By converting each character of the CIGAR strings into pixels following these rules, FindCSV creates a five-color image that visually represents the variations and alignment patterns of the reads within the candidate SV region. However, there is a challenge when representing INSs in the image because they do not occupy a position on the reference genome. This means that if FindCSV uses columns to represent positions on the reference, the insertions will not be displayed in the image, and their information will be lost. To address this issue, FindCSV implemented the following method: In the BAM file, the majority of positions are occupied by matches (M). FindCSV leverages this fact to replace a portion of the matches with insertions (I) based on the insertion lengths. To avoid excessive information loss for matches (M), for every 10bp insertions (I), FindCSV replaces one match (M) on the reference with an insertion (I). For example, if the length of an insertion is 50 base pairs, FindCSV identifies five consecutive match characters (M) on the reference genome near the insertion and replaces them with five insertion characters (I). By incorporating these modifications, FindCSV ensures that the insertions are represented in the resulting image. After the replacement process, the region is converted into an image, which is referred to as an SV image. In the SV image, a vertical red line is used to indicate the presence of an insertion, providing a visual representation of the inserted sequence. Figure 6 illustrates the SV images representing three different types of SVs, showcasing the ability of FindCSV to visually capture and differentiate various types of SVs.
Train LetNet model
In this section, FindCSV employs a Convolutional Neural Network model to filter the candidate SV regions. Specifically, FindCSV selects the LeNet model as the filtering model. The LeNet model consists of three convolutional layers, two subsampling layers, and two fully connected layers. These layers are designed to extract features and learn representations from the input data. The detailed parameters of the seven layers in the LeNet model are provided in Fig. 7.

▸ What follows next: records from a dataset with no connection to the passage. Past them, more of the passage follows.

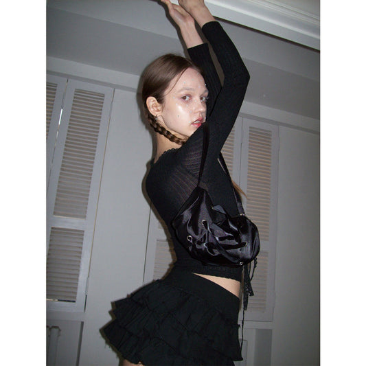 Long-Sleeve Plain Crop Shirt / High Rise Pleated Maxi A-Line Skirt WI30
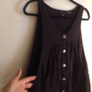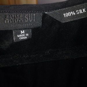 This black silk dress from Anna Sui is absolutely adorable! Featuring low armpit holes (great with t-shirts or turtlenecks underneath), large detailed pockets, silver metal buttons and a short hemline, this piece is classic and fashionable. Missing a drawstring middle (I prefer the loose fit) that could easily be replaced with the tie of your choice.
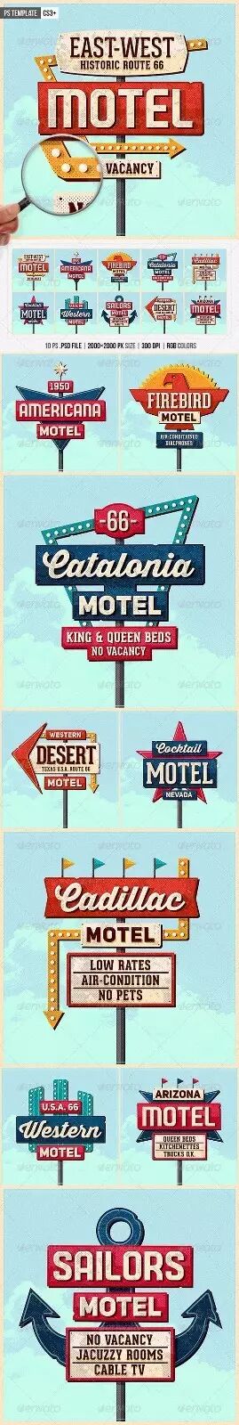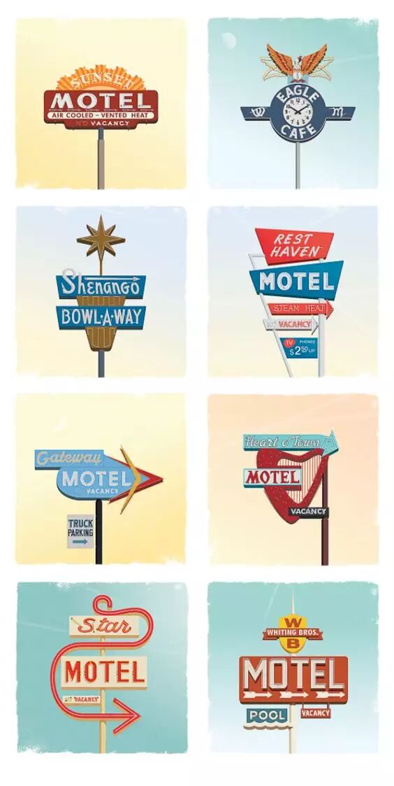 最后跟大家分享下世界各地比较有特色的Motel广告灯牌,做设计的朋友也可以参考参考!~
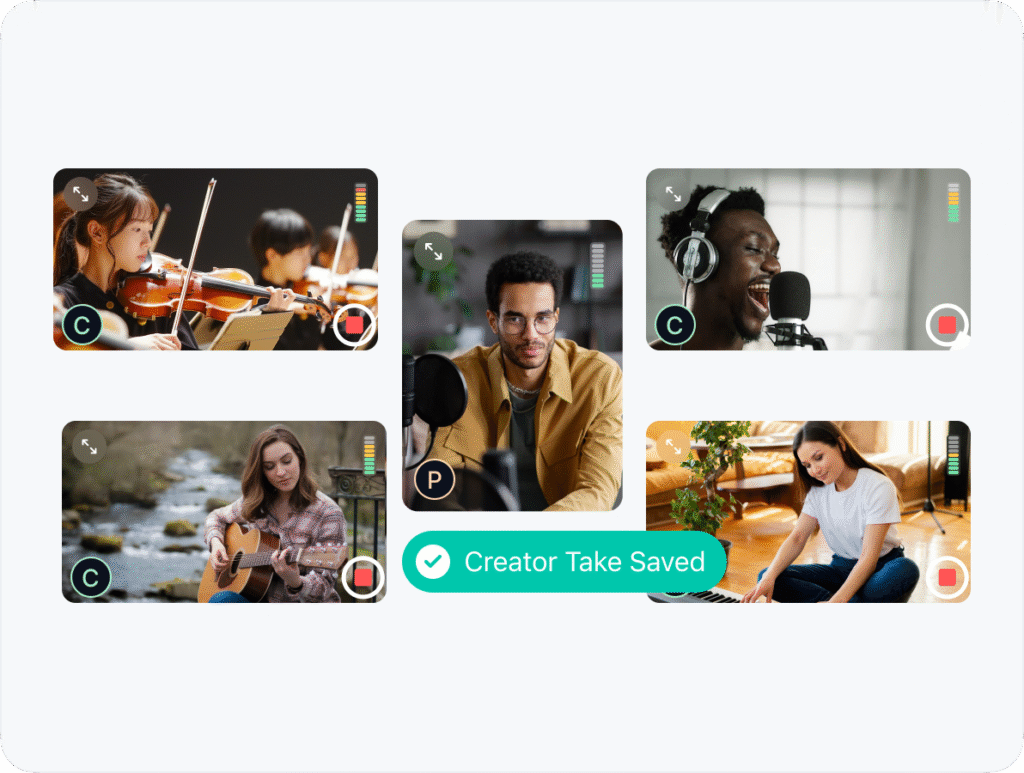 Yes! TakeStage supports real-time sessions where you can perform, teach, or collaborate with others while recording. Each participantโs feed is captured in sync, so you can focus on the music rather than the tech.

To accommodate the fixed input image size requirement of the LeNet model, it is necessary to normalize the previously obtained SV images. This normalization process involves using the resize function from the Python library to resize the images to a uniform size of 224*224*3 pixels. The training dataset plays a crucial role in training the LeNet model. FindCSV utilizes the HG002_SVs_Tier1_v0.6 dataset, which is widely accepted as a benchmark dataset in SV research. However, this benchmark dataset only includes two types of SVs: DELs and INSs. To improve the performance of the model, FindCSV augments the training data by simulating additional types of SVs. Specifically, FindCSV generates 4000 INVs and 3258 regions with no SVs (Abbreviated as noSVs). The noSVs are randomly selected regions from the reference genome, ensuring that there are no SVs present in those regions. The generation process for simulating INVs is slightly more complex. First, a region is randomly selected from the reference genome, and it is confirmed that there are no SVs in that region. Then, the region is reversed to create an inverted mutation. Finally, the sequencing data is remapped onto the inverted reference genome to obtain the mapping results for the simulated INVs. This way, FindCSV obtains a training dataset comprising 20,000 regions, including four types: 5463 DELs, 7279 INSs, 4000 INVs, and 3258 noSVs.
Subsequently, FindCSV converts these regions into two types of images based on ONT data and HiFi data. This results in a total of 40,000 images in the training dataset. FindCSV inputs these normalized SV images into the LeNet model and trains it using a ten-fold cross-validation approach. The dataset of 40,000 images is divided into ten groups, each containing 4000 images. The training and validation data are alternated, with nine groups used for training and one group used for validation in each iteration. The training process is performed for 5000 iterations, and the accuracy of the model is recorded. Finally, the model with the highest accuracy is retained for further use.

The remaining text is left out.